Dataset section start
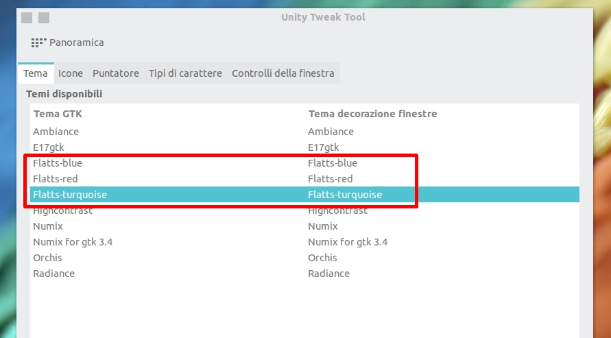 Fatto questo basta avviare Gnome-Tweak-Tools, Ubuntu Tweak o MyUnity o altro tool di personalizzazione e impostiamo il nuovo tema Flatts scegliendo una delle tre varianti e le nuove icone Mylo Xylo.
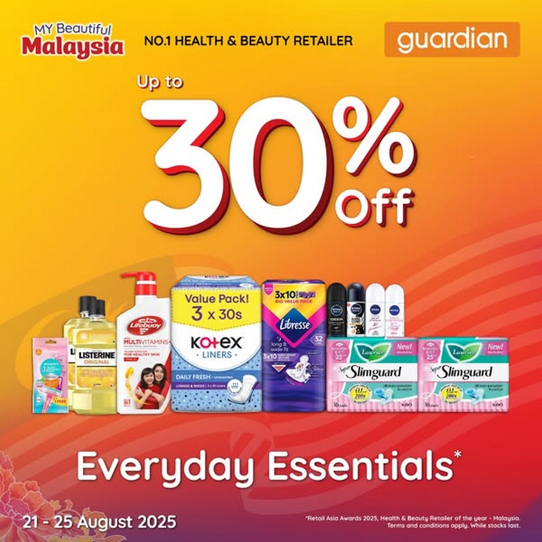 From 21 to 25 August 2025, Guardian Malaysia is rolling out a promotion that many would consider too good to ignore. For just a few short days, shoppers can enjoy up to 30% off on their Daily Essentials Kit. It’s a campaign designed not only to provide savings but also to encourage customers to rethink how they shop for their everyday items.
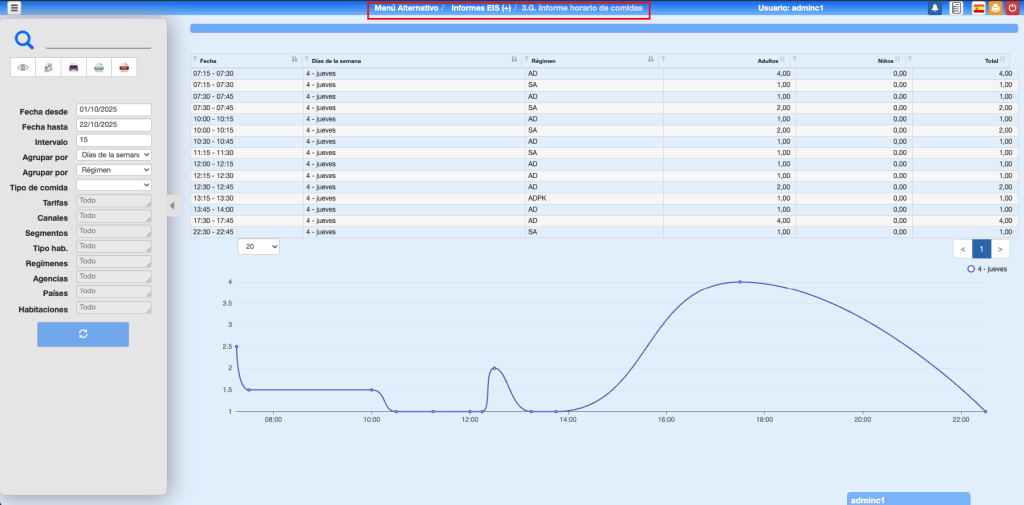Las columnas siguientes no muestran los totales de cada régimen contratado. En el ejemplo de la imagen, vemos que en la primera línea (2023-01-01 dom) tenemos 447 Des 1, 22 Cen 1 (no hay punteos – servidos), 425 DS y 22 MP. En el caso de las cenas vemos que coinciden con la MP. Para los desayunos (Des 1) habría que sumar los regímenes de DS más los de MP, que incluyen desayuno y cena.
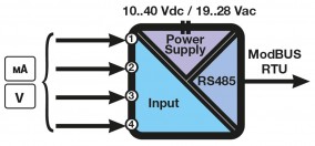 EZ-4AI is used to interface analog inputs (Voltage or current, also with bipolar range) with Modbus system. The modules is able to supply all 4 current loops at the same time, this is very useful for 2-wire sensors because the wiring does not need an external power supply. It’s a ModBUS Slave and can be coupled with any ModBUS Master device. A 3-way galvanic isolation among Power supply // input // RS485 circuits assures the integrity of your datas.
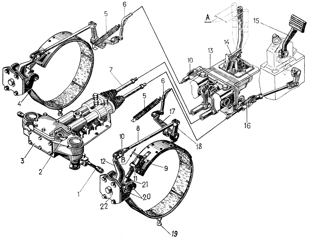 Проверьте регулирование и зазор между тормозной лентой и барабаном бортового фрикциона. При положении двуплечего рычага, соответствующем полному отключению тормоза, верхняя ветвь собственной упругостью должна быть отжата от барабана до упора сферы гайки в гнездо упора. Касание тормозных лент о поверхность барабана допускается на дуге не более 20°, зазор В между регулировочной гайкой и упором должен быть не более 2 мм.
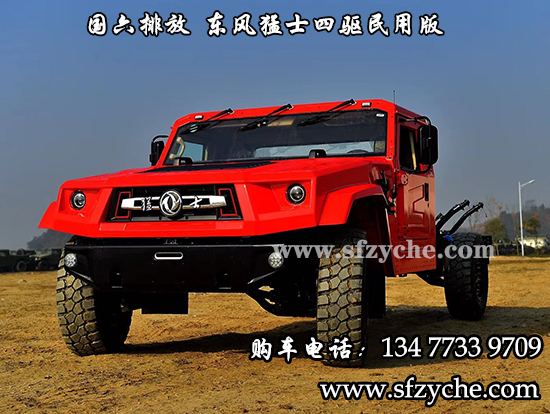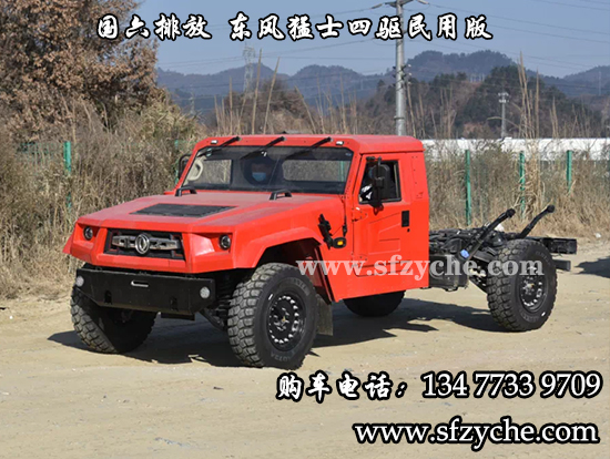 東風(fēng)猛士民用版EQ2063EYY6J型長(zhǎng)頭單排四驅(qū)越野底盤是東風(fēng)越野車公司針對(duì)民用方面的首款軍轉(zhuǎn)民產(chǎn)品代表,其繼承東風(fēng)軍用猛士的正規(guī)血統(tǒng),品質(zhì)優(yōu)異,技術(shù)過硬。東風(fēng)猛士民用版EQ2063EYY6J采用東風(fēng)猛士M50型四驅(qū)底盤改造而成,采用東風(fēng)康明斯D4.0NS6B195型國六柴油發(fā)動(dòng)機(jī),195馬力 ,排量4L帶增壓,最大扭矩600/1100-2200(N.m/r/min);猛士5擋軍用手動(dòng)變速箱;分動(dòng)箱為四輪全時(shí)驅(qū)動(dòng)帶高低擋;軸距3800mm;整備質(zhì)量3540kg;核定載質(zhì)量2460kg;輪胎采用305/80R18MPT全鋼子午線輪胎,帶自動(dòng)中央充放氣系統(tǒng);整車總質(zhì)量6000kg,國六B排放全國可上黃牌,整車尺寸:5320*2310*1950mm;最小離地間隙388mm,最大垂直越障400mm,通過性強(qiáng),適應(yīng)高海拔極寒極熱地區(qū),全國暢行無阻,最高車速可達(dá)120km/h。
Dataset section end
* [Exercise description]:
Copy word for word every line from the start of the material through the line holding "Проверьте регулирование и". The pictures are not part of the copy.

* [Your solution]:
 Fatto questo basta avviare Gnome-Tweak-Tools, Ubuntu Tweak o MyUnity o altro tool di personalizzazione e impostiamo il nuovo tema Flatts scegliendo una delle tre varianti e le nuove icone Mylo Xylo.
 From 21 to 25 August 2025, Guardian Malaysia is rolling out a promotion that many would consider too good to ignore. For just a few short days, shoppers can enjoy up to 30% off on their Daily Essentials Kit. It’s a campaign designed not only to provide savings but also to encourage customers to rethink how they shop for their everyday items.
Las columnas siguientes no muestran los totales de cada régimen contratado. En el ejemplo de la imagen, vemos que en la primera línea (2023-01-01 dom) tenemos 447 Des 1, 22 Cen 1 (no hay punteos – servidos), 425 DS y 22 MP. En el caso de las cenas vemos que coinciden con la MP. Para los desayunos (Des 1) habría que sumar los regímenes de DS más los de MP, que incluyen desayuno y cena.
 EZ-4AI is used to interface analog inputs (Voltage or current, also with bipolar range) with Modbus system. The modules is able to supply all 4 current loops at the same time, this is very useful for 2-wire sensors because the wiring does not need an external power supply. It’s a ModBUS Slave and can be coupled with any ModBUS Master device. A 3-way galvanic isolation among Power supply // input // RS485 circuits assures the integrity of your datas.
 Проверьте регулирование и зазор между тормозной лентой и барабаном бортового фрикциона. При положении двуплечего рычага, соответствующем полному отключению тормоза, верхняя ветвь собственной упругостью должна быть отжата от барабана до упора сферы гайки в гнездо упора. Касание тормозных лент о поверхность барабана допускается на дуге не более 20°, зазор В между регулировочной гайкой и упором должен быть не более 2 мм.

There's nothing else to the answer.